In silico analysis of the likely plasmid content of the isolates using PlasmidFinder revealed that, apart from the IncQ1 plasmids harboring the novel bla_OXA variants, they carried several additional replicons (Table S3 in the supplemental material). E. coli WW16 harbored an additional replicon not detected by PlasmidFinder that was 99% identical to and that covered 99% of the pEA3 29.5-kb plasmid found in the plant pathogen Erwinia amylovora CFBP 2585 (GenBank accession number NC_020920) and related to molecules found in E. coli strains isolated from swine (strains FSEC-01 and FSEC-02) (29). Application of the commercial PCR-based replicon typing (PBRT) method identified the FII incompatibility group in E. cloacae WW13 and IncHI1 and IncFII(K) in E. coli WW16. Electrophoresis of plasmid DNA extracted by an alkaline lysis protocol confirmed the presence of several small to medium-size plasmids in both strains that were undetectable by PBRT.

Both strains could readily serve as donors of β-lactam resistance during mating assays. Transconjugant clones obtained by a conjugation experiment with E. cloacae WW13 exhibited a phenotype typical for class D β-lactamases (i.e., resistance to penicillins, reduced susceptibility to penicillin-inhibitor combinations, and susceptibility to cephalosporins, cephamycins, and carbapenems; Table 1, strain trcWW13), and they produced the OXA-656 variant located on the IncQ1 plasmid of strain WW13(pQGU13). The mobilization of pQGU13 was facilitated by an IncFII plasmid, as indicated by PBRT. WW13 transconjugants were also resistant to sulfonamides and exhibited elevated MICs for streptomycin (Table 1), in line with the gene content of pQGU13, further indicating that the IncFII replicon did not carry any antibiotic resistance gene. The conjugation mixture of E. coli WW16 yielded two types of transconjugants differing in their β-lactam resistance phenotypes. The first corresponded to production of an OXA-type enzyme (Table 1, strain trcWW16-1), with PCR and sequencing confirming the presence of bla_OXA-655 and the IncQ1 plasmid (pQGU16). The replicon that enabled its mobilization was the pEA3-like plasmid. The second phenotype was typical for expression of an ESBL (Table 1, strain trcWW16-2). trcWW16-2 produced, in addition to the SHV-12 ESBL, the narrow-spectrum enzymes OXA-1 and TEM-1 and, moreover, exhibited resistances to aminoglycosides, chloramphenicol, and trimethoprim that were expressed by the IncFII(K) plasmid (Table 1).

Characterization of the novel OXA-expressing IncQ1 plasmids.

Carriage of the novel OXA-10 variants by mobilizable IncQ1 plasmids highlighted their spreading potential in diverse species and various habitats (30).
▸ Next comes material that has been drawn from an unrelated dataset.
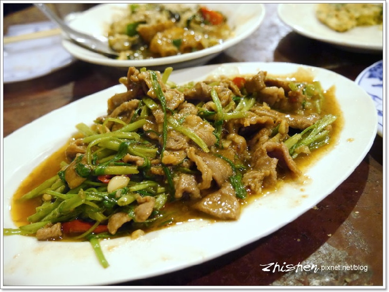 最後貪吃加點的空心菜牛肉,調味上甜鹹都偏重,反倒是沒有前面幾道熱炒來得動人~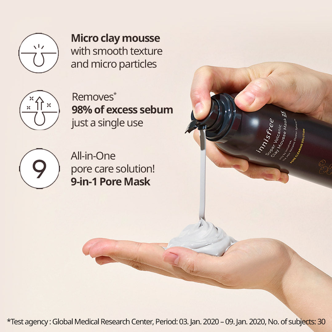 A mousse-type clay mask which contains Jeju Volcanic Clusters & Spheres™ to remove excess oil and cleanse pores

Indeed, the prototype plasmid of the group RSF1010 is able to replicate and be maintained not only in gammaproteobacterial species but also in members of the alpha-, beta-, and deltaproteobacteria of both clinical and environmental origin (24, 31). The likely promiscuous nature of the OXA-expressing replicons prompted their detailed characterization, and transformant clones were prepared using E. coli TOP10 as a host.
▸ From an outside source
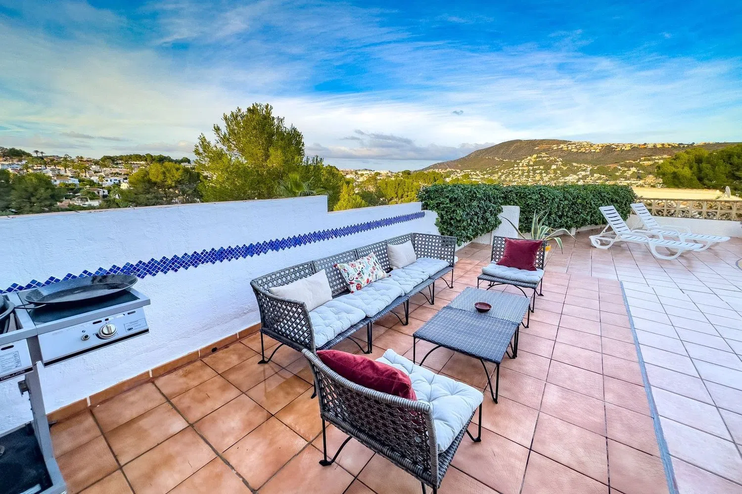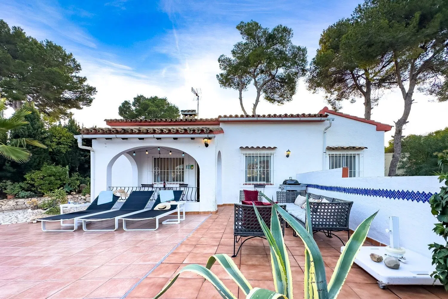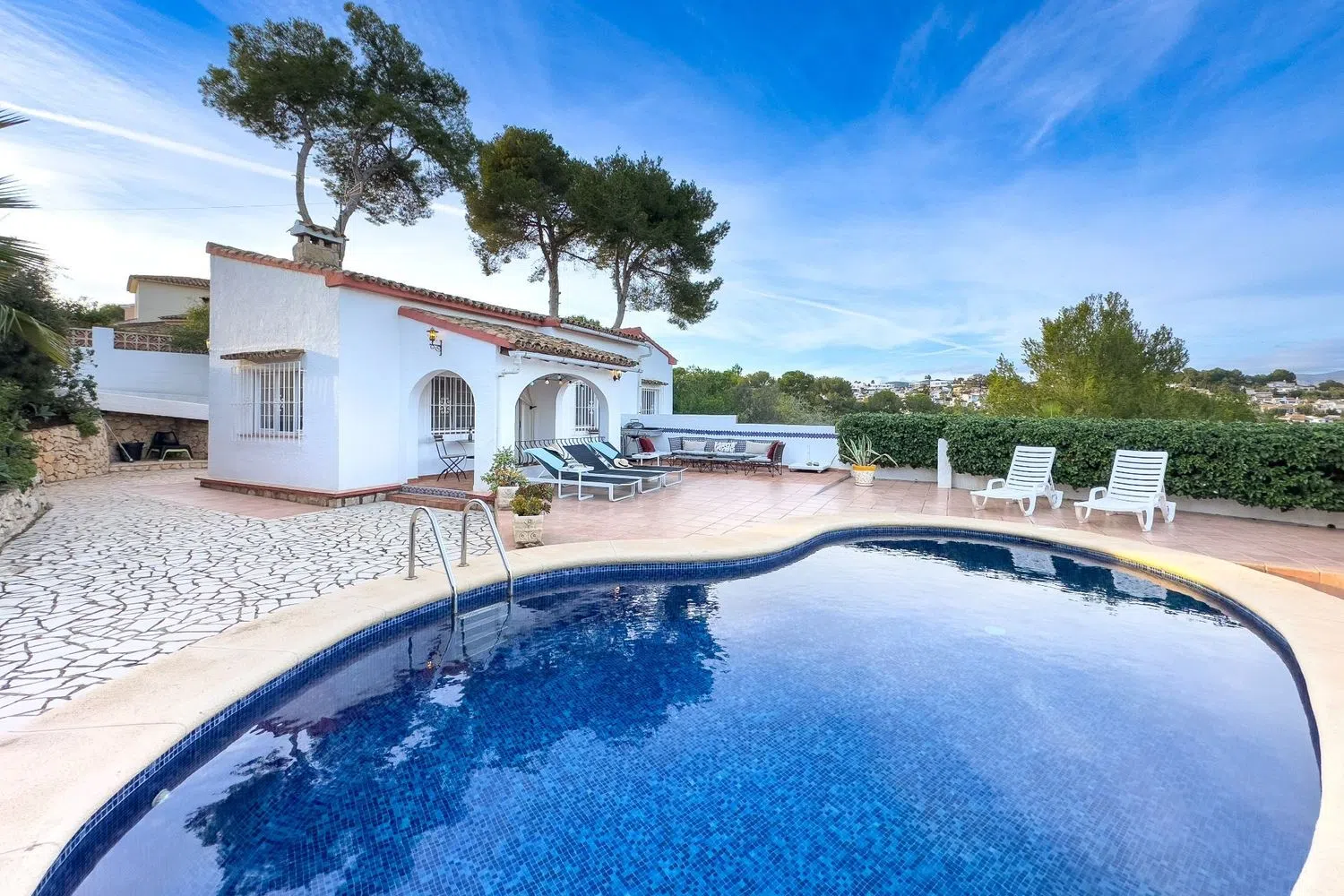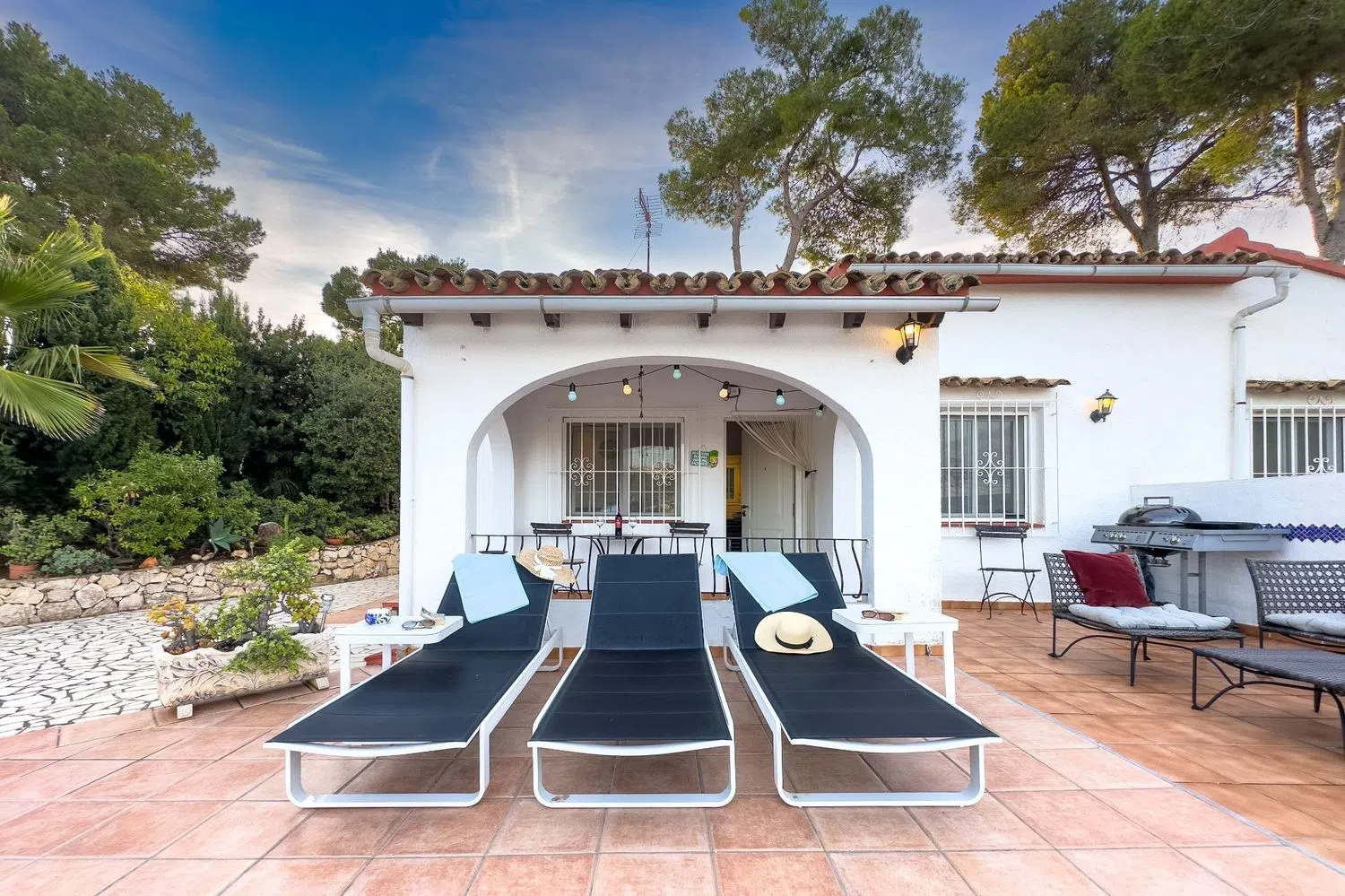 From the living room, you can access an outdoor patio, where a charming porch beckons you to savor the fresh air. The private pool, surrounded by loungers, is the perfect spot to bask in the sun on warm days, while the barbecue area is great for outdoor dining with friends and family.

(i) Structure of the novel replicons. Overall, the two plasmids were highly similar. They differed in their accessory regions, with pQGU13 being slightly larger (15.5 kb versus 14.1 kb for pQGU16) due to an additional IS4321 element, and by a nonsynonymous mutation in the repC gene of pQGU13 (Ala108Val substitution) (Fig. 1). Their backbones were nearly identical to that of RSF1010. The differences concerned the repC gene, which carried the mutations observed in other recently described IncQ1 replicons (32–34). As the origins of replication of the novel plasmids were identical to the origin of replication of RSF1010, the three plasmids should be considered incompatible. Moreover, their backbones, containing all the genes required for their double-displacement replication mechanism (30), indicated that they could be maintained in a wide range of hosts, as is the case for their parental molecule.

FIG 1.

Structure of the novel plasmids pQGU16 and pQGU13 and comparison with their relative molecules. Genes comprising the IncQ1 backbone are colored blue, while those of the acquired region of RSF1010 (GenBank accession number M28829) are colored green. The novel class I integron containing Tn3-like transposon is colored red, while the IS4321 element of pQGU13 is colored yellow. A map of contig 10 of Aeromonas sp. L_1B5_3 WGS (GenBank accession number JXIR01000010; reverse complement) carrying a Tn3-like transposon having a transposition module (identity > 99%) highly similar to the one found on the IncQ1 plasmids is shown in the top row. Reannotation and sequence comparison of this contig revealed that it contains a typical IncQ3 backbone (purple), with nucleotides 8676 to 11093 expressing a chimeric MobA/RepB relaxase/mobilization nuclease (92% identical to the one of pQ7; GenBank accession number FJ696404) (85) and nucleotides 11077 to 11508 corresponding to a MobC ORF (96% identical to the one of pQ7). Nucleotides 1 to 206 make up the OriV/iteron region that at its 3′ end is partially captured and at its 5′ end is interrupted by the Tn3-like transposon. Both the right and left terminal inverted repeats (IRR and IRL, respectively) of the transposon are present, with their sequences being identical to the right TIR identified in pQGU16 (shown at the junction points of the Aeromonas IncQ3 and pQGU16 plasmids). In the TIR of pQGU13, an IS4321 element has been inserted, with its left and right inverted repeat sequences extended by 7 and 3 nucleotides, respectively (35), being identified at the junctions. The sequence overlap between strB and aacA38 at the ΔstrB-ΔaacA38 region of the pQGU plasmids is highlighted by a gray box. The high similarity between the beginning of the aacA38 gene of In883 (GenBank accession number KJ668593) and the end of bla_OXA-10 in Tn1404 (GenBank accession number U37105) that most likely led to the collapse of the 59-bp element in pQGU plasmids through homologous recombination was also detected.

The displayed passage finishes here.